SEAFLOOR TOPOGRAPHY AND DEPOSITIONAL COMPLEXITY RECORDED IN THE MISSISSIPPIAN FORT PAYNE FORMATION OF SOUTH-CENTRAL KENTUCKY
The depositional history of the Fort Payne Fm. in southern Kentucky has been interpreted using architectural element analysis of a 600 m-long outcrop along Kentucky Hwy 61 south of Burkesville. Thirteen depositional elements were identified on photomosaics of the outcrop. Channelform elements at the N end dip to the S, while the channelform elements at the S end dip to the N. All channelform elements lie below ground in the middle of the outcrop, but share enough lithologic characteristics to support correlating them. Element 3 (at the N end) and Element BB (at the S end) are dominated by thin-bedded packstones and subordinate shales, with abundant wavy, lenticular and flaser bedding. Element 2 (at the N end) and Element BA (at the S end) are dominated by shales, and also contain wavy, lenticular and flaser bedding. Correlating these pairs of elements suggests that they form the flanks of a channel ~595 m wide, with relief of at least 15 m.

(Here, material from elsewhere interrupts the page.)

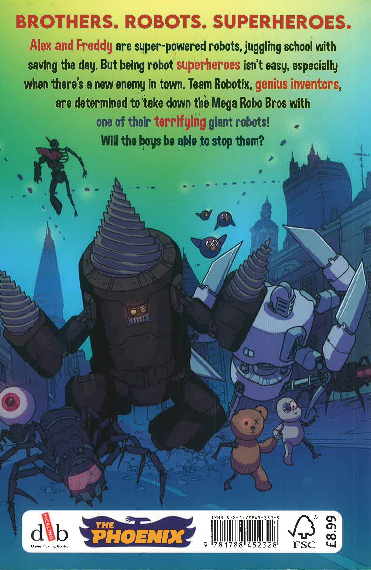 This awesome book republishes MEGA ROBO RUMBLE, fully remastered and adapted into a new chunky format, with lots of extra bonus content! BROTHERS. ROBOTS. SUPERHEROES. ALEX AND FREDDY are super-powered robots, juggling school with saving the day. But being robot SUPERHEROES isn't easy, especially when there's a new enemy in town. Team Robotix, GENIUS INVENTORS, are determined to take down the Mega Robo Bros with one of their TERRIFYING giant robots! Will the boys be able to stop them?

Conditions varied during deposition at the Hwy 61 locality, with intervening episodes of minor erosion that helped define the individual elements. Depositional processes included turbidity currents and small-scale debris flows, with varying amounts of reworking superimposed. All of these processes operated episodically against a background of silt deposition via suspension fallout and/or dilute bottom flows.